Sometimes you’ve just got to ask yourself: “Why am I doing this?” As I keep scouring through myriad broken links, countless blank pages, and fruitless “archived” information, I keep thinking, “Just what is there to gain from sharing something like Nazoo’s Dear Heavens, Children In His Twilight?”
From the best information I can gather–which, sadly, isn’t much–I think I can accurately say a few things. I can say that Nazoo began as a three-piece outfit in Tokyo around 1991. For such a mysterious band, it’s fitting that their name is a wordplay on the Kanji character for “mystery” (迷), nazo. After banging around various tracks on numerous early Japanese techno and industrial “darkwave” compilations, it was 1994’s Dear Heavens, Children In His Twilight, released on Victor’s alternative music sub-label AJA Records, that remains their sole “official” release.

Nazoo is led by mercurial DJ and guitarist Jota Nazoo, synth programmer NAR, and percussionist Davie Blue. Their early works are impossible to pin down, spanning genres from uptempo breakbeat to hardcore and spacy, almost psychedelic electronic music.

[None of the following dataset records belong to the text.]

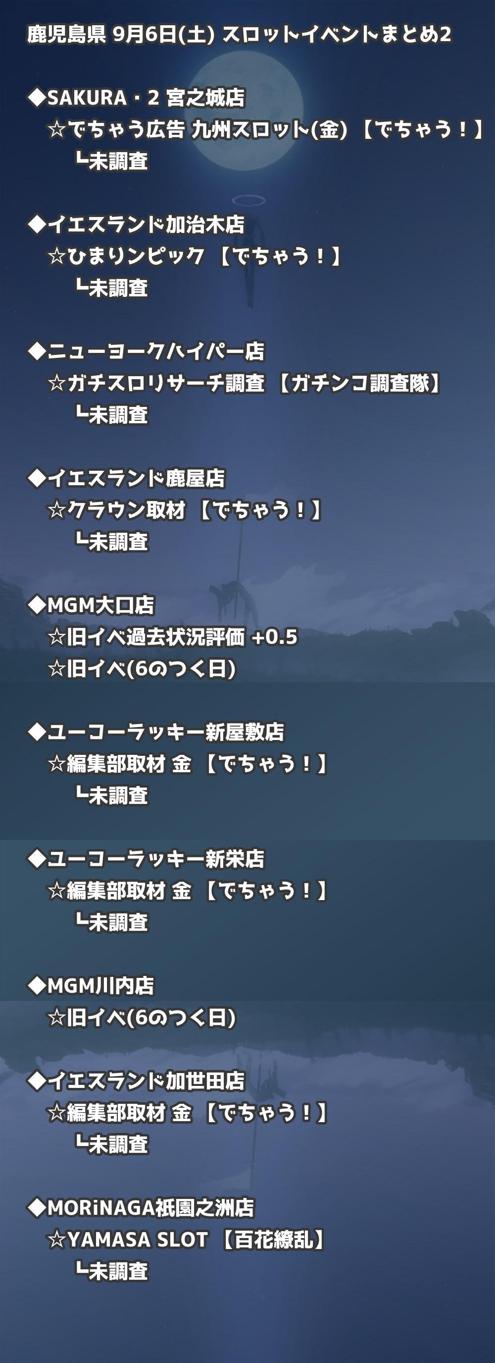 📊 鹿児島県 9月6日(土) 勝てるパチンコ・スロット取材店舗一覧|おすすめ順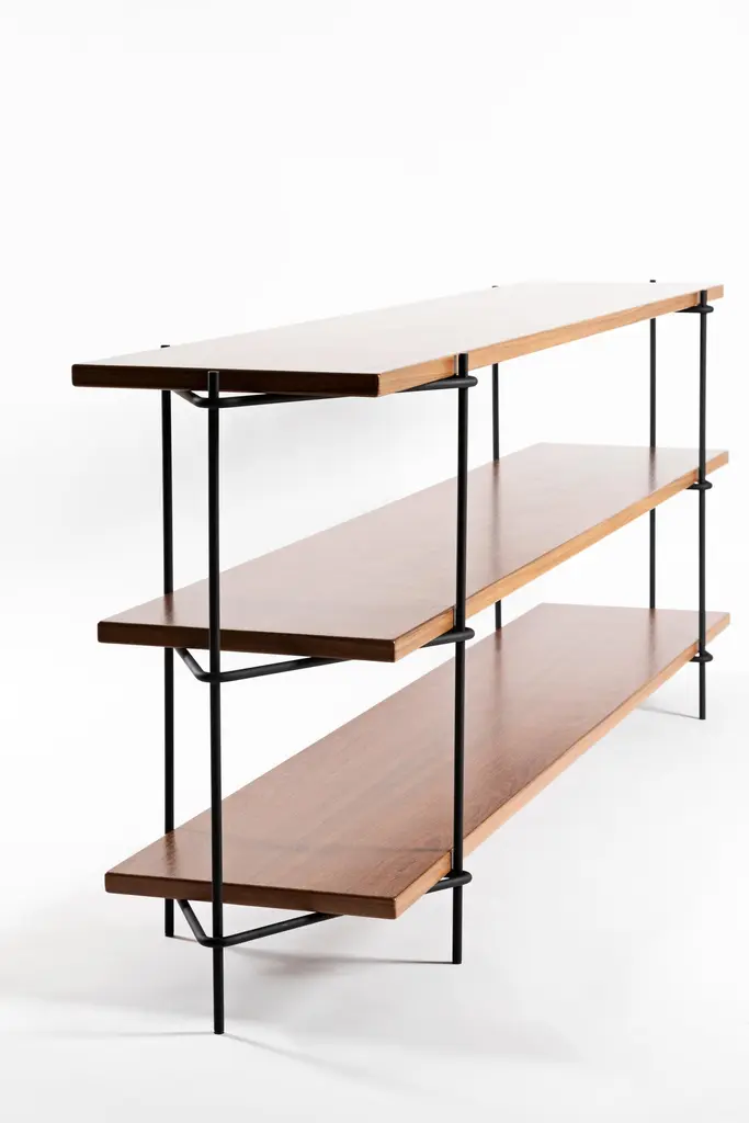Carlos Shelf by Samuel Lamas, 2022The Carlos Shelf by Samuel Lamas is a testament to the architectural finesse and modernist ethos of Brazilian design. This shelf unit, composed of rich wooden planks supported by a black carbon steel frame, is available in Freijó, Cumaru, or Imbuia. The planks can be customized to various lengths ranging from 65 to 108 inches (165 to 275 cm), with pricing varying by size—contact us for details.The open design of the Carlos Shelf makes it perfect for showcasing books, art pieces, and other collectibles, enhancing any space with its clean lines and balanced proportions. Its minimalist yet robust construction is ideal for sophisticated living spaces, providing both storage and style. Each piece is crafted with architectural and geometric precision, ensuring stability while using minimal material, promoting a sustainable and light aesthetic.Key Features:Dimensions: Customizable plank lengths from 65 to 108 inches (165 to 275 cm)Materials: Premium Solid Brazilian Wood (Freijó, Cumaru, or Imbuia) and Black Carbon Steel FrameAesthetic: Light and simple, with clean lines and balanced proportionsDesign: Contemporary minimalist style that blends strength and eleganceCustomization Options:Wood Types: Freijó, Cumaru, or ImbuiaPlank Lengths: Various lengths from 65 to 108 inches (165 to 275 cm)Pricing: Varies by size—contact us for detailsCare Instructions:To maintain the pristine condition of your Carlos Shelf, regularly dust with a soft, dry cloth. For deeper cleaning, use a mild detergent and a damp cloth, ensuring the shelf is completely dry before use. Avoid prolonged exposure to direct sunlight and harsh weather conditions to preserve the color and material integrity.Shipping & Returns:This bespoke item is custom-made and non-returnable, reflecting the personalized attention to detail and craftsmanship invested in each piece. Please contact us for detailed information on shipping and delivery options.Elevate your living space with the Carlos Shelf, a perfect blend of modern Brazilian design and minimalist elegance. Enjoy the timeless beauty and functionality of this exquisite addition to your home. Made to order in São Paulo, Brazil, each piece is crafted with precision and care to meet your unique style preferences.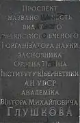 Анотаційна дошка на честь Академіка Глушкова

Somehow, in some weird Venn diagram between NIN-like industrial noise/rock and New Age, Nazoo–though little known–finds a way to exist.
What’s impressive about their sole release is just how much it harkens back to an earlier age in “dance music.” I don’t know about you, but on songs like “Forces Of The Unknown – Tinglings – Iniclings” and “Growth – Out Of Control – Realization,” I’m taken back to the experimental spirit of groups like early Tangerine Dream, White Noise, or Joseph Byrd’s The United States of America–bands that embraced an embryonic approach to “inhuman” sounds when the musical landscape was barren of ideas for harnessing electronic instruments and electronically created music.

When you hear the first strain of a Roland drum machine kick in on the opening track, you sense that the spirit of exploration has been contemporized with new approaches and technology available to modern music makers. It’s a wonderful thing. It shows that no one needs to abandon their wiggier, more esoteric impulses because of the demands of a four-on-the-floor groove. History has enlightened us to what is possible, yet there are still releases (much like this one) that delve deeper into the little niches others leave behind.
In the year of our lord, 1994, one can’t help but feel that such music must have sounded out of leftfield–even if it’s merely an evolution of something else. As I hear the meditative synth washes of “Energy Coil And Time Space Slip” morph into something new, I hear them lying prone at the Church of the KLF summoning their courage. In the end, humans have to channel the controls of the ghosts in the machines to bring ideas like these back to life.
Once again, in an age where everything seems to have a backstory, it’s wonderfully refreshing to live with and encounter little mysteries that unravel in their own way, spinning their revelations in your mind. Listening with a pair of headphones (or through two speakers) is a great way to discover such revelation.